▸ **Dataset section**
%%
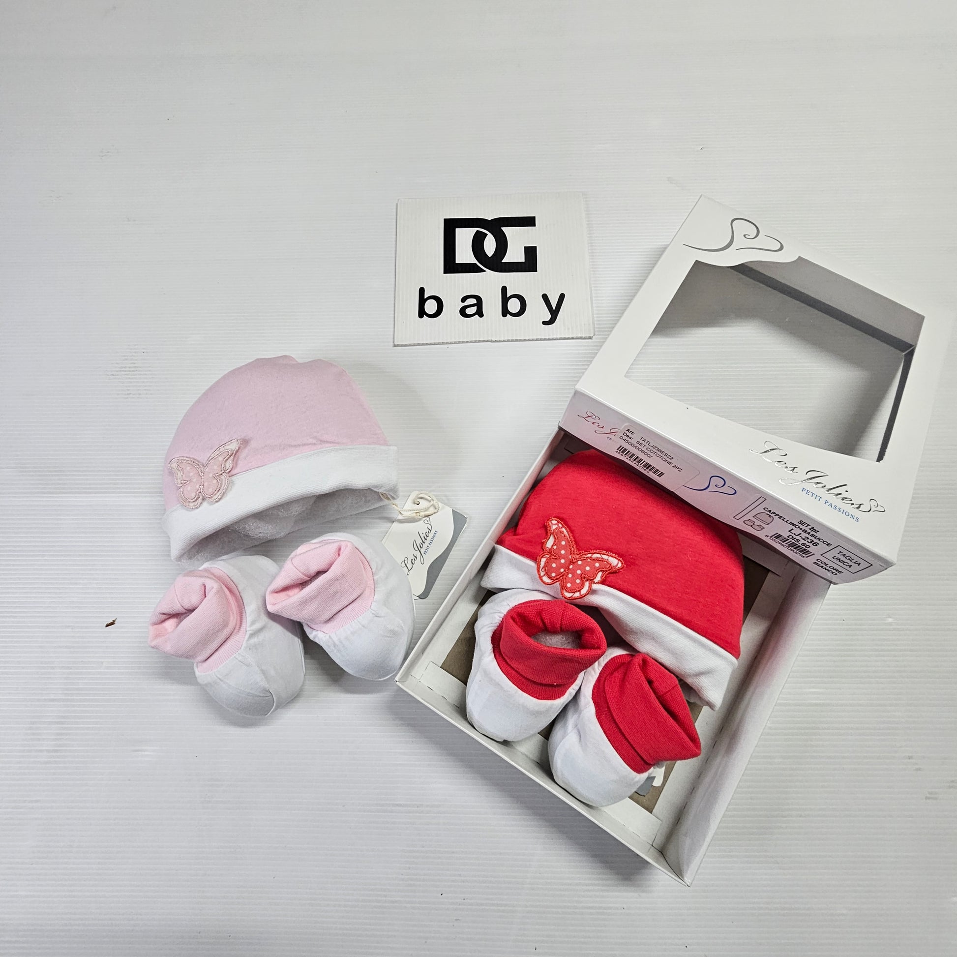 completo neonata LJ236 composto da cappellino e babbucce in cotone LES JOLIE
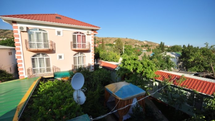 В центре поселка Морское, в нескольких минутах неспешной ходьбы от моря, находится вилла «Бахт».
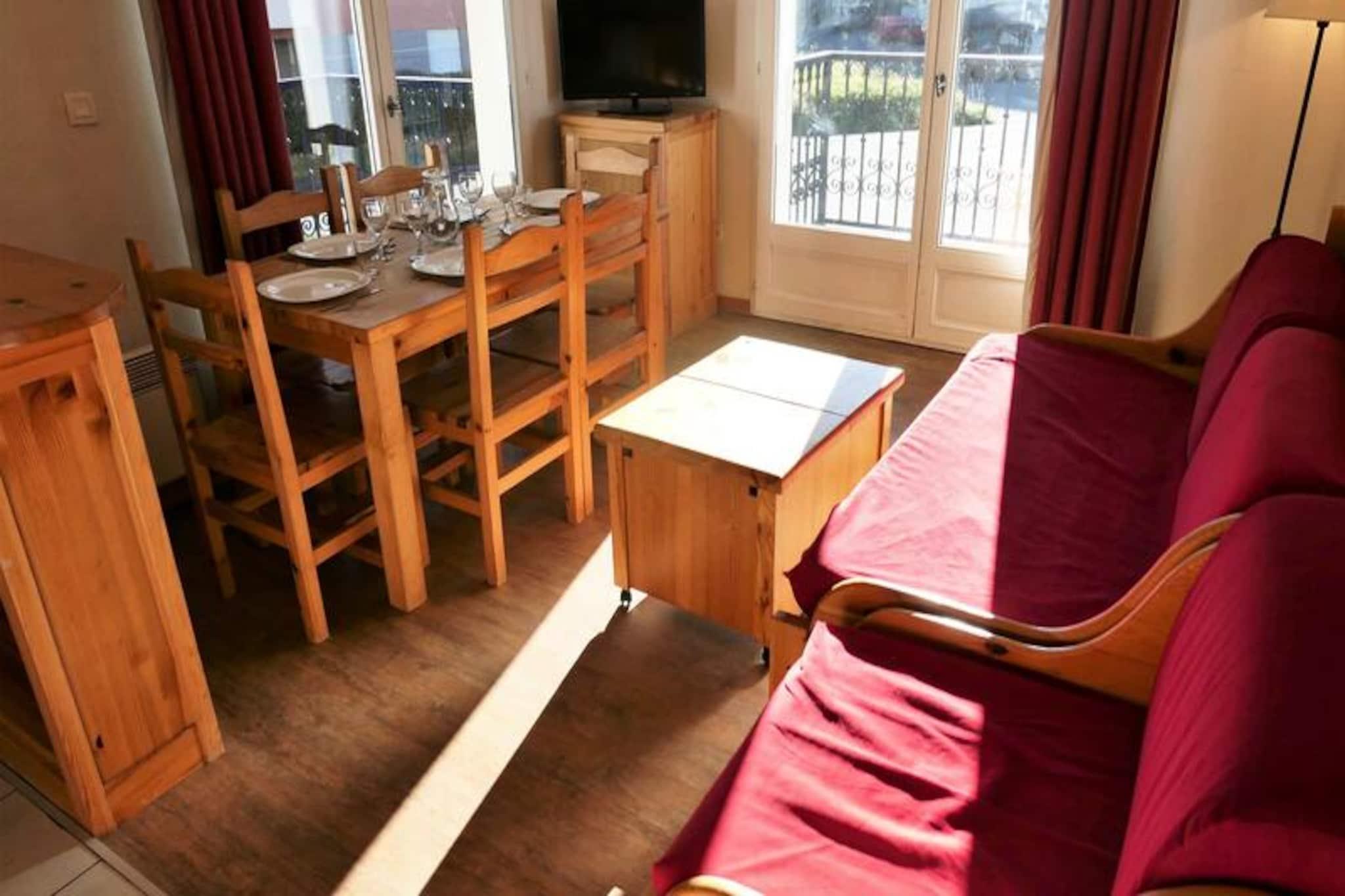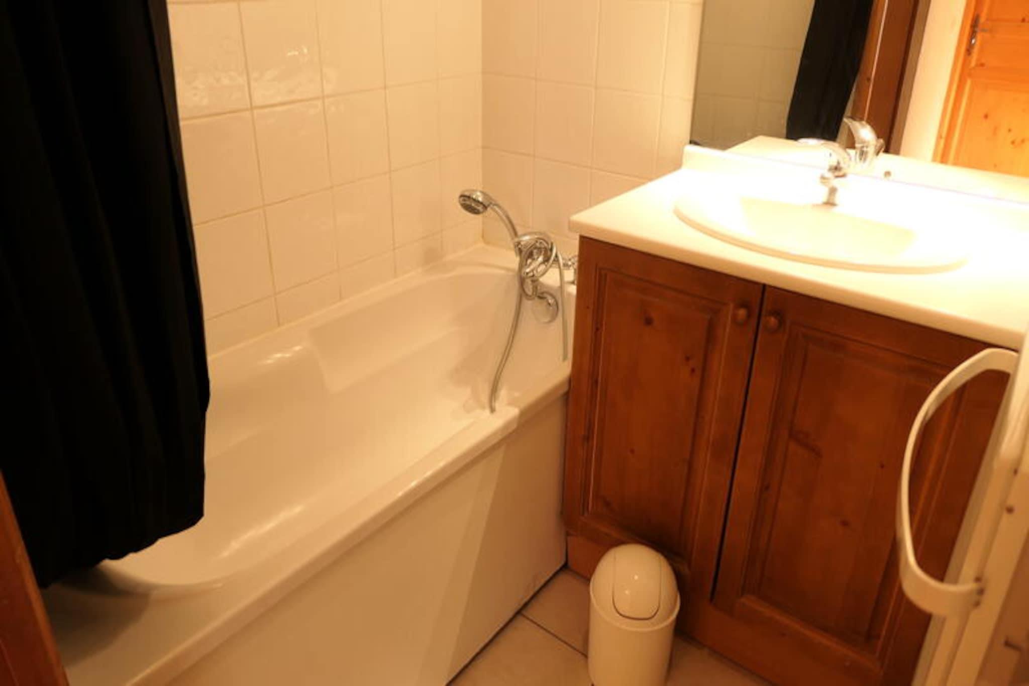 Ved indgangen til det majestætiske skisportsområde Evasion Mont-Blanc tilbyder denne charmerende lejlighed i Saint-Gervais en idyllisk alpin ferie for både familier og venner. Beliggende kun 50 meter fra Saint-Gervais-svævebanen, befinder du dig få øjeblikke fra spændende skiløjper og en betagende udsigt over bjergene. Ejendommen kan også prale af en opvarmet udendørs swimmingpool, der er tilgængelig i sommermånederne, perfekt til afslapning efter en dag med udforskning af de maleriske omgivelser. Med sin sydøstlige og sydvestlige beliggenhed inviterer lejlighedens to altaner dig til at nyde den rolige atmosfære i de franske alper når som helst på dagen. \n\nIndenfor har den 42 m² store lejlighed komfortabel plads til op til seks gæster. Stuen har en hyggelig sovesofa, tv og spiseplads, hvilket skaber et indbydende rum at slappe af. Køkkenet er fuldt udstyret med moderne apparater, herunder opvaskemaskine, keramisk kogeplade, køleskab og mikrobølgeovn, hvilket sikrer, at du har alt, hvad du behøver til hjemmelavede måltider. To soveværelser med to enkeltsenge giver afslappende tilflugtssteder, mens badeværelset, brusebadet og det separate toilet tilbyder bekvemmelighed og privatliv. Yderligere faciliteter såsom garage, skiboks og valgfrie tjenester som leje af linned og børnepasningsudstyr gør dit ophold endnu mere behageligt. \n\nUd over boligen fortryller Saint-Gervais med sit charmerende landsbycentrum, der ligger kun 800 meter væk. Gå en tur til nærliggende bagerier, tobaksforretninger og sportsforretninger, eller begiv dig længere ud for at opdage regionens naturlige vidundere. Om sommeren venter vandrestier og panoramaudsigter, mens vinteren forvandler området til et snedækket paradis. Uanset om du er her for skiløb, afslapning eller eventyr, er denne lejlighed din perfekte base for at skabe uforglemmelige alpine minder.
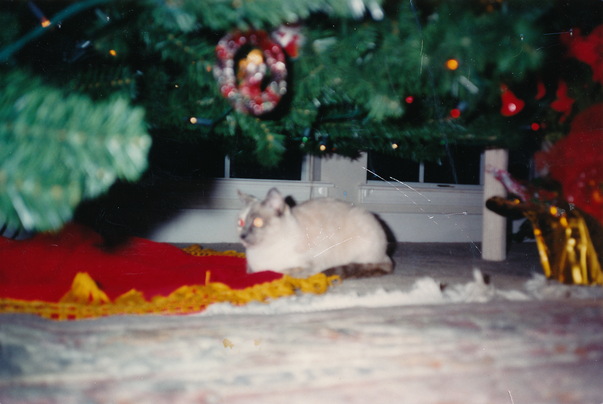 A Siamese cat resting under a Christmas tree on a red and gold Christmas tree skirt.
%%
▸ **Exercise**
Each line, from the beginning of the listing to the line bearing "В центре поселка" inclusive, should be copied exactly; the pictures stay out.

▸ **Response to this task**
 completo neonata LJ236 composto da cappellino e babbucce in cotone LES JOLIE
 В центре поселка Морское, в нескольких минутах неспешной ходьбы от моря, находится вилла «Бахт».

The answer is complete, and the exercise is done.